In the records below, find the line with "According to Balanchine’s" and repeat it and every line after it, exactly, without any pictures.
----- Listed entries -----
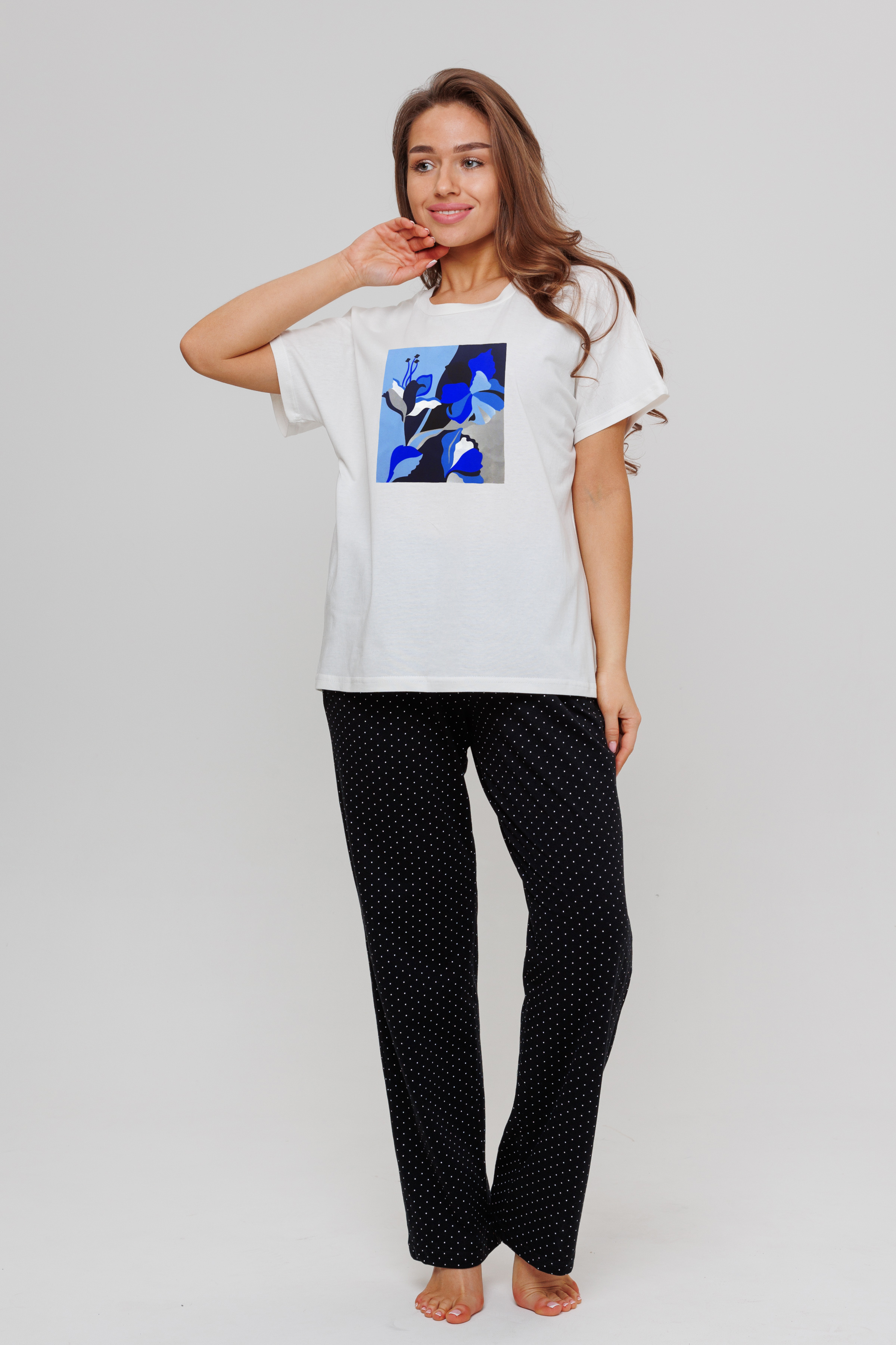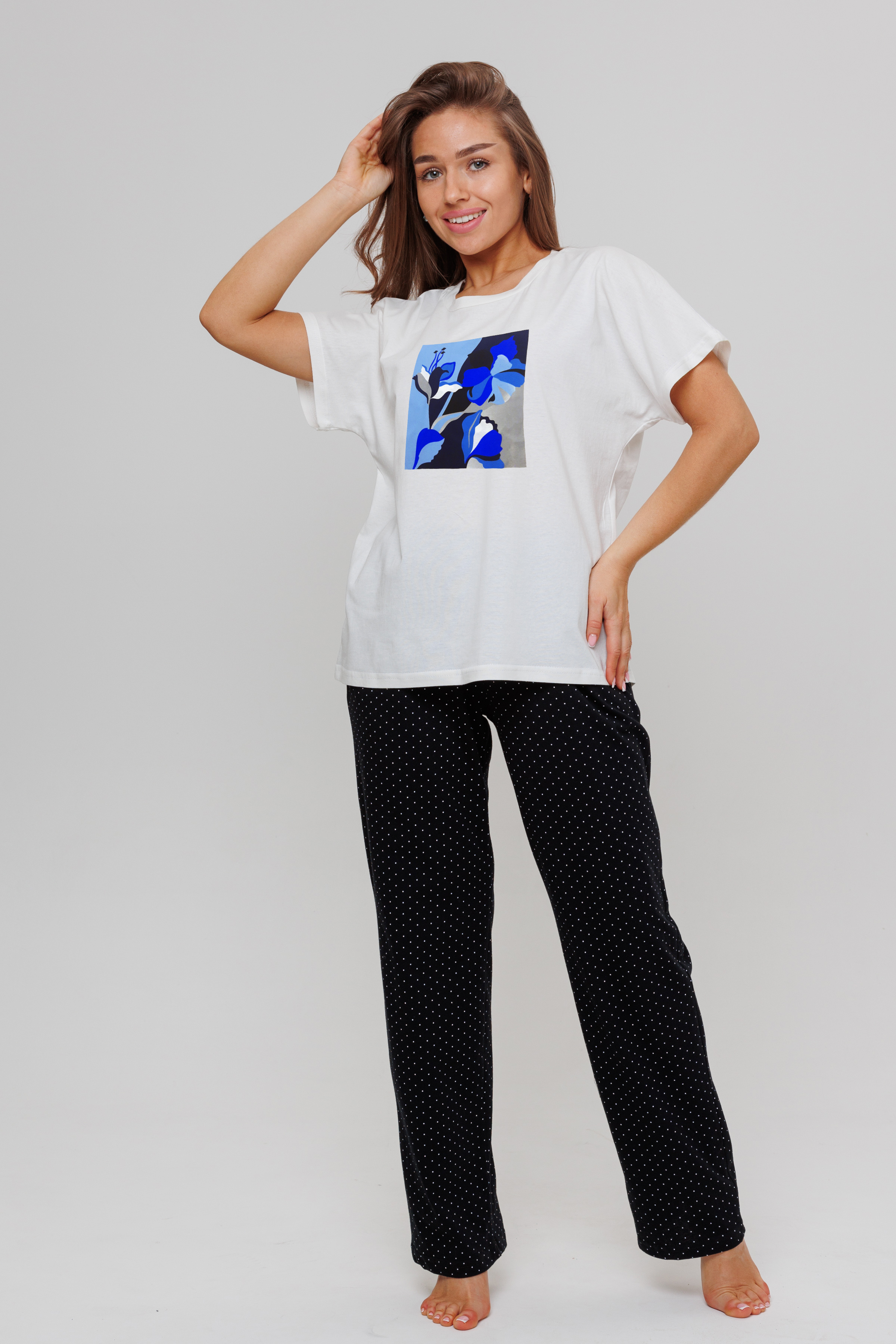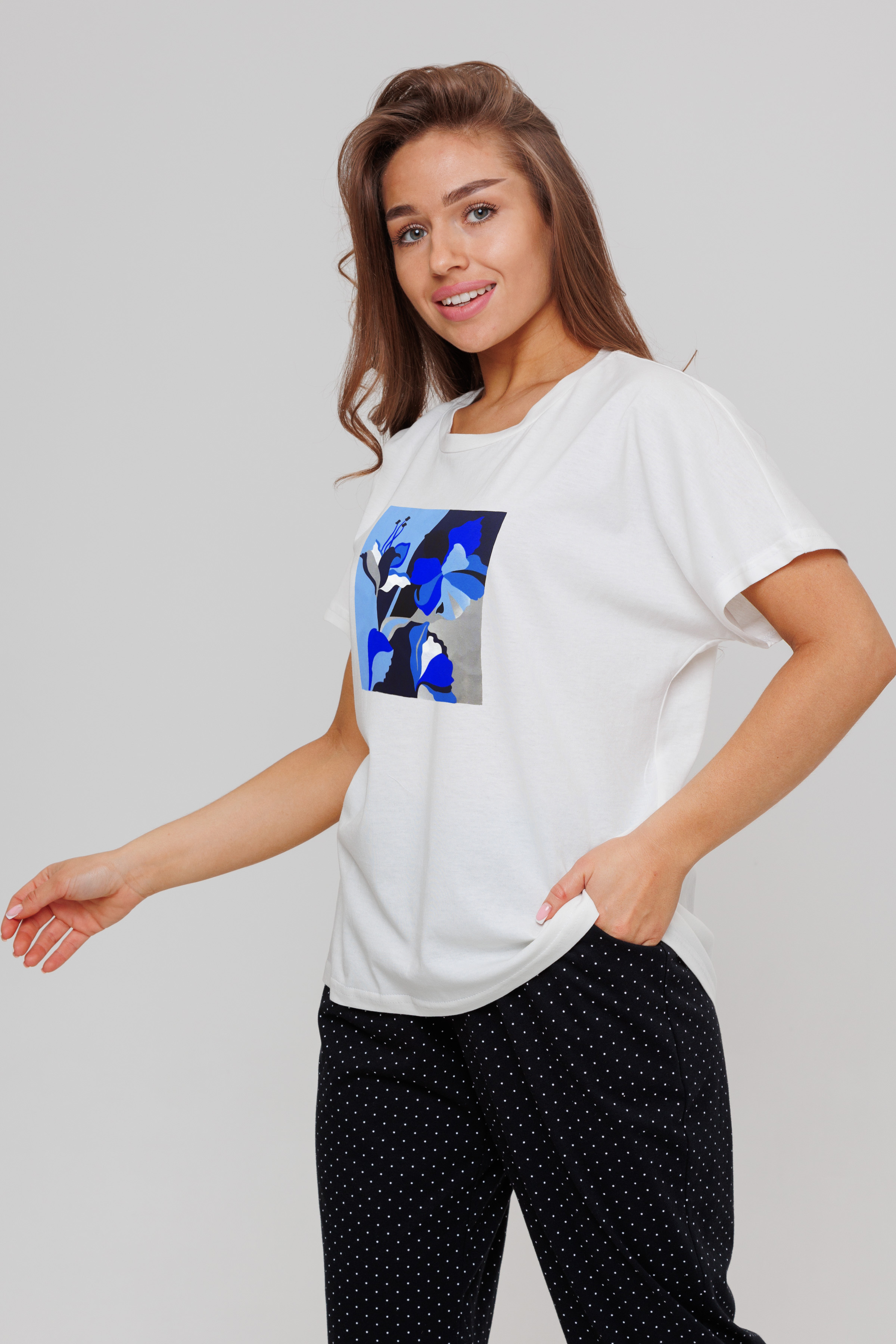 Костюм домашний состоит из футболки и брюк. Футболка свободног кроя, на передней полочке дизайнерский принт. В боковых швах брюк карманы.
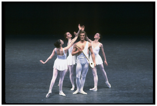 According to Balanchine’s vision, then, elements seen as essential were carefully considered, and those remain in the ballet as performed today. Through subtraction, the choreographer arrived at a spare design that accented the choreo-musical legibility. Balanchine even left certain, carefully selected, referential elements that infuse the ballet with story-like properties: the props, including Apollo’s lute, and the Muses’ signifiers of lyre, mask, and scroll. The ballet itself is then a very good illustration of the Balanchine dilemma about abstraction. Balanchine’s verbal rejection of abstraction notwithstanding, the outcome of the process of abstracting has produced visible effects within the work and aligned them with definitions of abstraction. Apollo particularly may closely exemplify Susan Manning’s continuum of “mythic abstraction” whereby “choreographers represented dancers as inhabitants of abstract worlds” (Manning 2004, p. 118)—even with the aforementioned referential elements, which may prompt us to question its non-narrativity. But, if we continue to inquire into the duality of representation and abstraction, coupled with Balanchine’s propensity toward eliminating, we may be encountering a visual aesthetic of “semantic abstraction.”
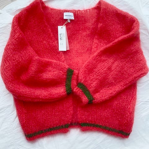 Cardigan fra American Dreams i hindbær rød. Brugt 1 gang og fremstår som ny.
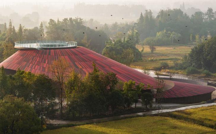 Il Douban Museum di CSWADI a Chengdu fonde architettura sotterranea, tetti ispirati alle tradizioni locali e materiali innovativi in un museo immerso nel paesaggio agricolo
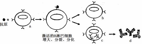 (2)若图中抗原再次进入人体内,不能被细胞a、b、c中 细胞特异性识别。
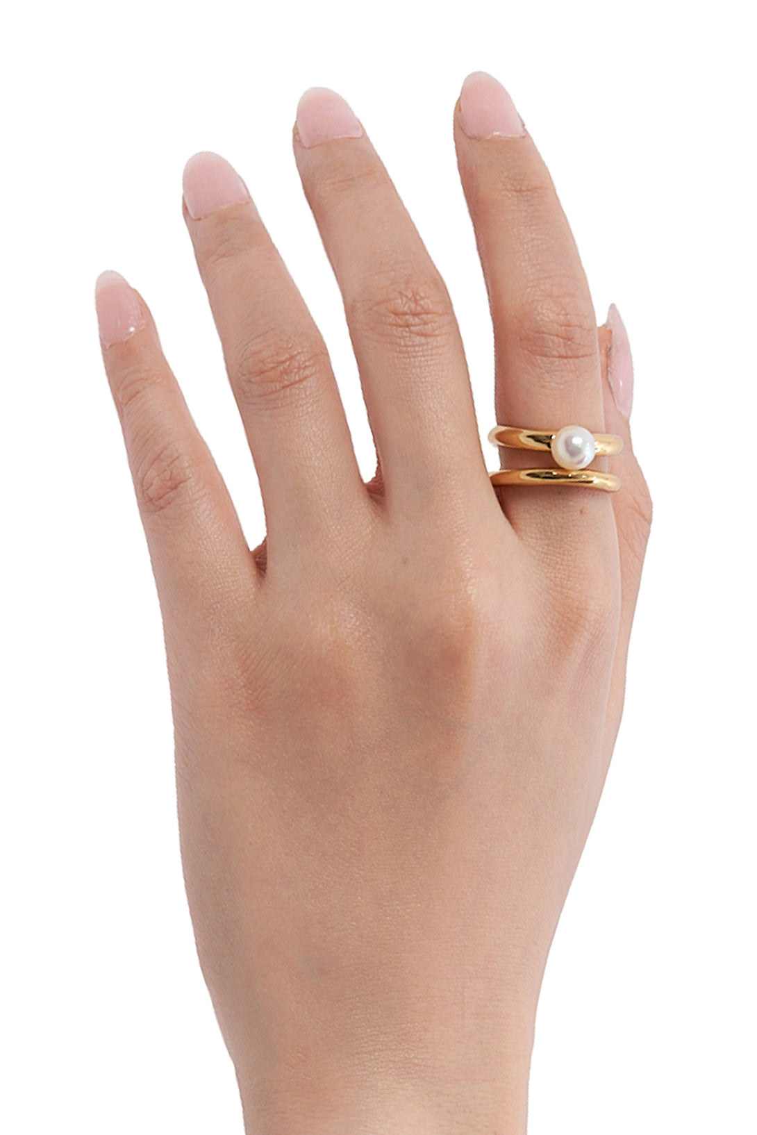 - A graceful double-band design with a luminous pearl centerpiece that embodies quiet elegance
-----
## Your solution
 According to Balanchine’s vision, then, elements seen as essential were carefully considered, and those remain in the ballet as performed today. Through subtraction, the choreographer arrived at a spare design that accented the choreo-musical legibility. Balanchine even left certain, carefully selected, referential elements that infuse the ballet with story-like properties: the props, including Apollo’s lute, and the Muses’ signifiers of lyre, mask, and scroll. The ballet itself is then a very good illustration of the Balanchine dilemma about abstraction. Balanchine’s verbal rejection of abstraction notwithstanding, the outcome of the process of abstracting has produced visible effects within the work and aligned them with definitions of abstraction. Apollo particularly may closely exemplify Susan Manning’s continuum of “mythic abstraction” whereby “choreographers represented dancers as inhabitants of abstract worlds” (Manning 2004, p. 118)—even with the aforementioned referential elements, which may prompt us to question its non-narrativity. But, if we continue to inquire into the duality of representation and abstraction, coupled with Balanchine’s propensity toward eliminating, we may be encountering a visual aesthetic of “semantic abstraction.”
 Cardigan fra American Dreams i hindbær rød. Brugt 1 gang og fremstår som ny.
 Il Douban Museum di CSWADI a Chengdu fonde architettura sotterranea, tetti ispirati alle tradizioni locali e materiali innovativi in un museo immerso nel paesaggio agricolo
 (2)若图中抗原再次进入人体内,不能被细胞a、b、c中 细胞特异性识别。
 - A graceful double-band design with a luminous pearl centerpiece that embodies quiet elegance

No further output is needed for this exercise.